In this fairly lovely documentary, the comedian (and former English teacher) celebrates the creation and impact of Barry Hines’s brilliant 1968 novel A Kestrel For A Knave, the story of young Barnsley boy Billy Casper, who transcends the hard grind of his surroundings as he begins training a kestrel – vividly brought to life in Ken Loach’s 1969 film, Kes. Talking with present-day Barnsley schoolkids about whether they still recognise the life Hines presented, Davies also meets the author’s brother, Richard, who himself trained birds as a boy, and was the original model for Billy, and Dai Bradley, who played the role for Loach. Jarvis Cocker is among the fans of the book contributing. It’s followed by Kes: Reimagined (10pm), a new interpretation of Loach’s movie incorporating puppetry and dance. Shame they’re not putting the film on, too, really.

Wednesday

Bright Lights: Starring Carrie Fisher And Debbie Reynolds 9pm, Sky Atlantic This documentary about the relationship between the legendary Hollywood mother and daughter, who lived next door to each other in a set up Fisher dubbed “the compound,” was given extra poignancy when both suddenly died, just one day apart, in late December 2016, shortly before the film was first broadcast. Yet even without that sad timing, this lively, intimate portrait by Alexis Bloom and Fisher Stevens would be several notches above the standard celebrity reality show, thanks to the close affection between the two subjects. In frail health, the 84-year-old Reynolds can still switch on her old perky pizazz, while Fisher delivers salty, crackling wit and devastating honesty. As it catalogues the highs and lows of both careers, it’s a vivid portrait of a vanishing breed of Hollywood royalty. Above all, though, it works as a bittersweet study of a mother-daughter dynamic.

Thursday

What Makes A Murderer

9pm, Channel 4

Another rubbernecking series where you have to check twice to see if you’re on Channel Four or Five. For this three-part documentary, convicted murderers agree to submit themselves to psychological and biological investigations by scientists attempting to learn whether there was something in their make up that pre-disposed them to killing. In the red chair tonight is John Massey, who served 43 years in prison after he shot a nightclub bouncer dead in 1975. Neurocriminologist Adrian Raine and forensic psychologist Dr Vicky Thakordas-Desai put him under study, first by scanning his brain, which reveals a physical abnormality that is known to be common among killers, and then by investigating his most formative and most troubling childhood experiences.

Friday

Country Music By Ken Burns

9pm, BBC Four

Known for epics like 1990’s The Civil War and 2017’s The Vietnam War, Burns is one of the great documentary makers.
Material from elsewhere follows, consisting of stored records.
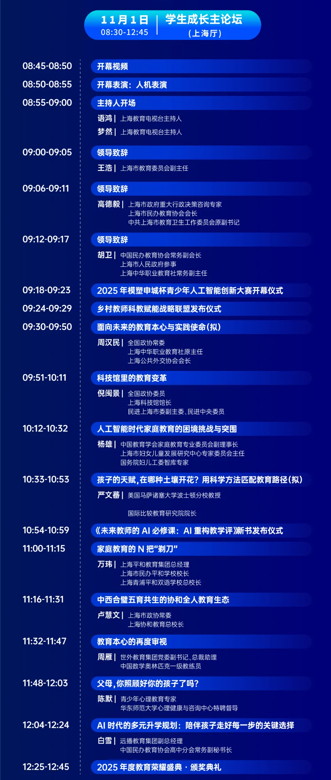第八届IEIC国际教育创新大会现场将汇聚全球知 名教育学者、专家及一线教育实践者,共同探讨未来教育的发展路径。议题涵盖AI数智赋能、全人教育发展、多元文化融合、孩子学业规划与身心健康等核心领域,为学生构建兼具学术深度与人文关怀的全方位成长蓝图。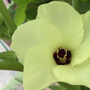 オクラの花‼️ 実家の畑のオクラ ぽんぽん咲いてます
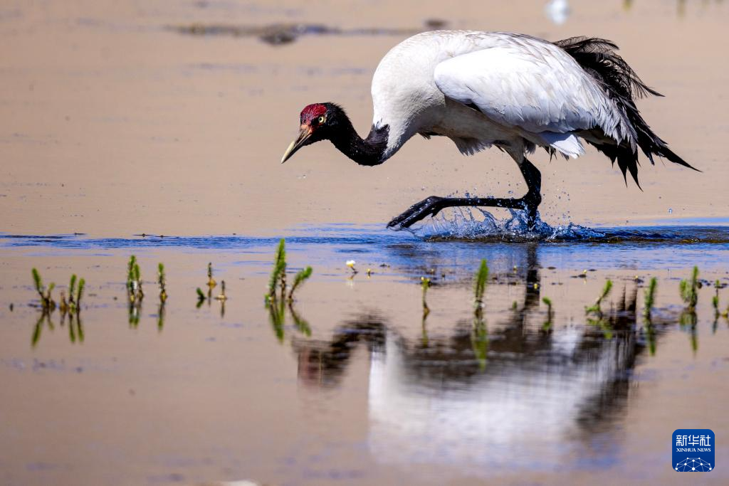 6月9日,一隻黑頸鶴在西藏那曲市申紮縣一處濕地棲息、覓食。新華社記者 薑帆 攝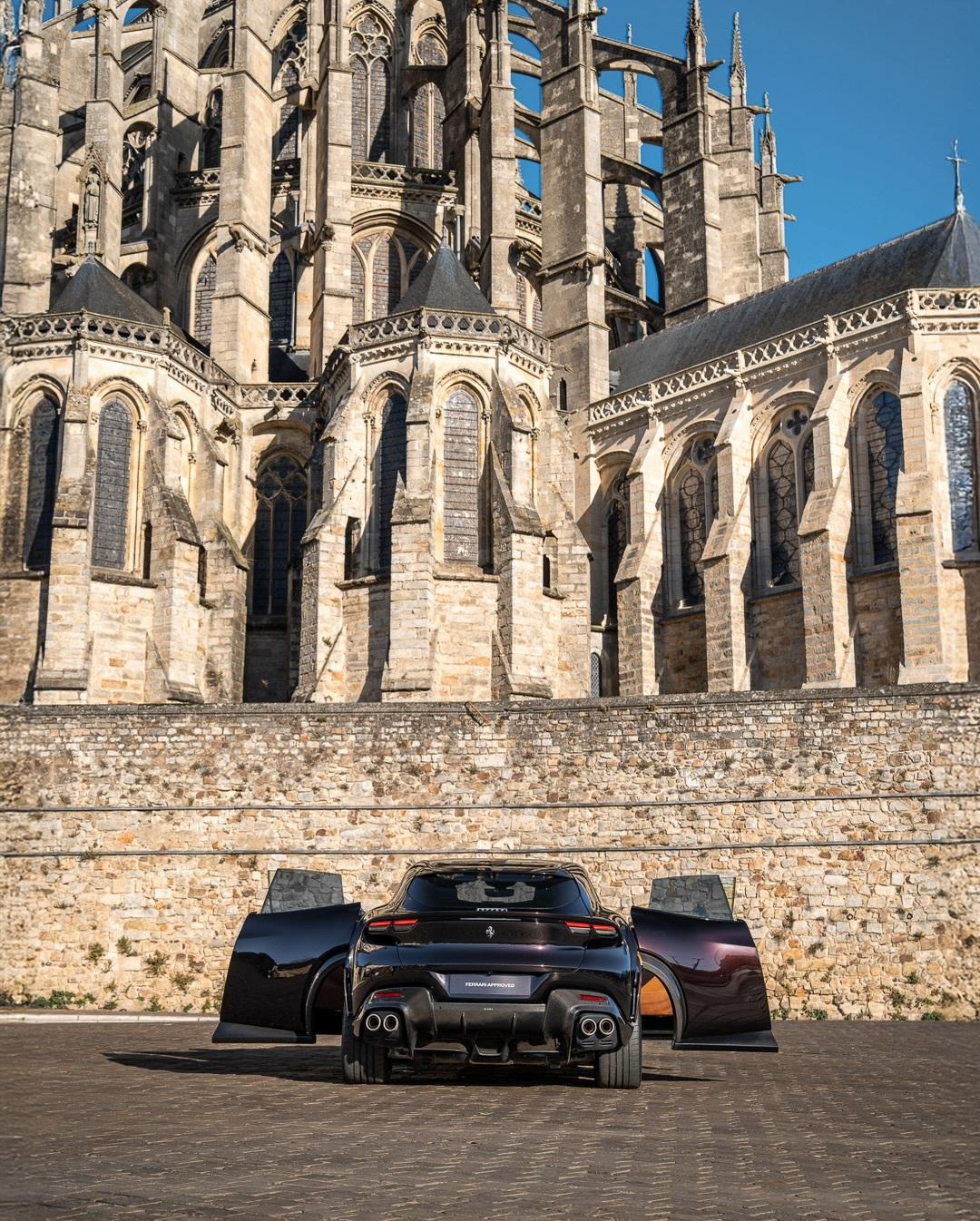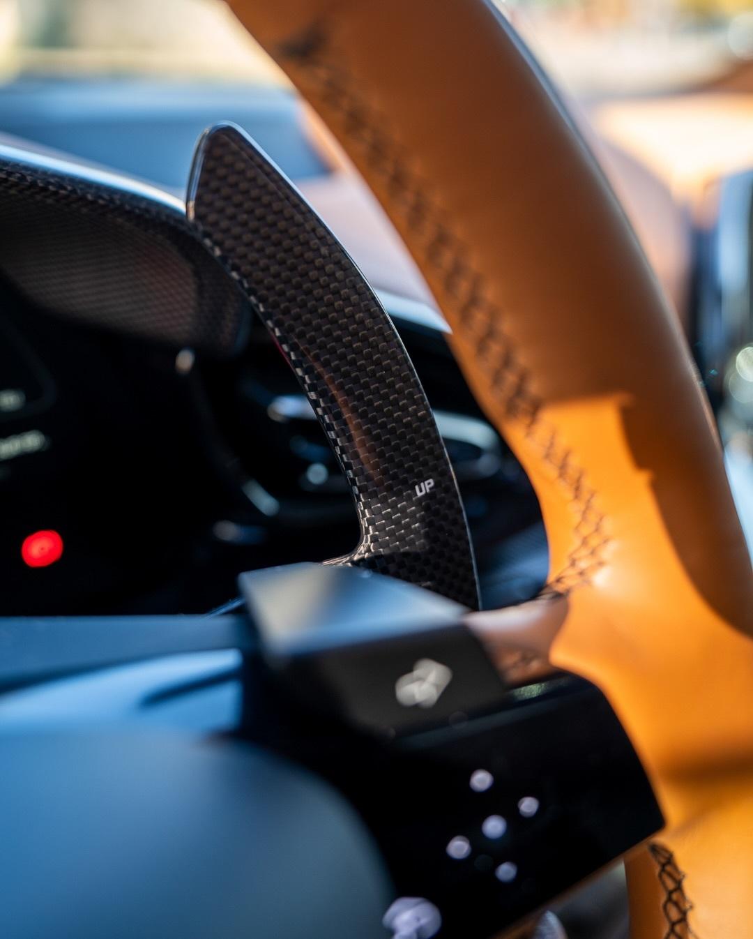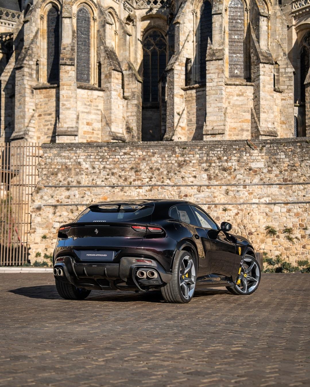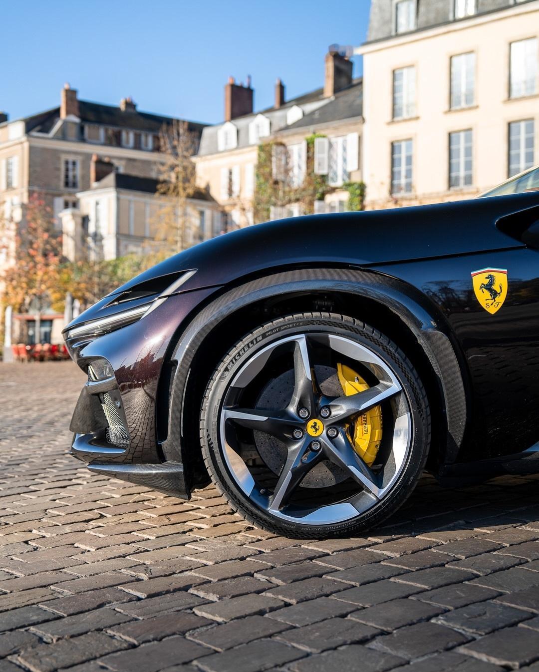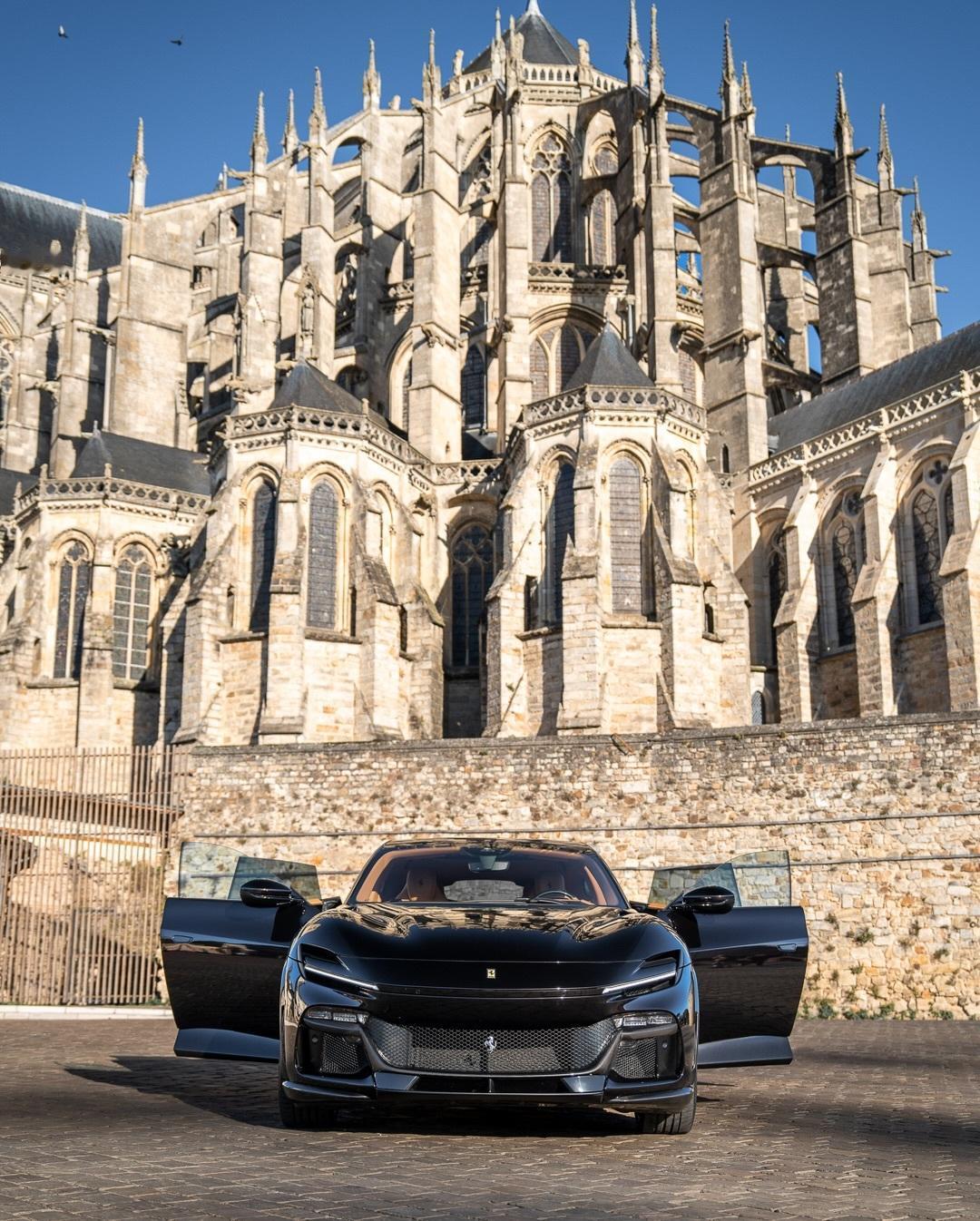 法拉利Purosangue,车身采用Purosangue黑色涂装,搭配全套碳纤维外观套件,为雕塑感十足的车身线条增添了低调却鲜明的运动气质。前翼子板上喷绘的法拉利车队徽标致敬品牌的赛车传承,而摩德纳黄色的刹车卡钳则形成精致的撞色效果,凸显出车型的动感气场。 内饰采用赭色皮质打造,营造出温暖而考究的氛围,辅以多处碳纤维选装件更显质感。集成LED灯的碳纤维方向盘、碳纤维中央通道以及其他碳纤维细节设计,既彰显了Purosangue以性能为核心的理念,又保持了极致的优雅与工艺水准。

A complement to his 2001 series, Jazz, this nine-part series is a lavish, exhaustive and probing history of America’s other homegrown music. But Burns highlights how, far from the good ol’ boy stereotype, from the very first country music was a melting pot of many diverse voices and cultures, with a strong African influence as slave songs, spirituals and blues styles merged with the traditional Scots-Irish folk roots of the “hillbilly” sound. Opening with a double bill, tonight’s first episode offers profiles of the founding superstars of the music, The Carter Family, with their ballads and old hymns, and Jimmie Rodgers, who added yodelling to the stew. Dolly Parton, Merle Haggard and Rosanne Cash are among the many interviewees.

Saturday

The Sinner

9.10pm, BBC Four

Going out in the traditional double bills, a second series for the import drama that breaks the most sacred rule of BBC Four’s Eurocrime nights: it’s American. The excellent Bill Pullman returns as crinkly, kinky cop Harry Ambrose, who is called in as a favour to help with a case back in his old hometown in upstate New York. Two people have been found dead in a motel, apparently poisoned. Evidence quickly seems to be pointing to the couple’s teenage son, Julian (Elisha Henig), as the killer. But details don’t quite sit right with Harry, and soon, joining forces with the investigating detective, Heather Novack (Natalie Paul) – the newly promoted daughter of an old pal of Harry’s – he is digging up the secrets of the place he left years before, particularly a mysterious commune on the outskirts of town.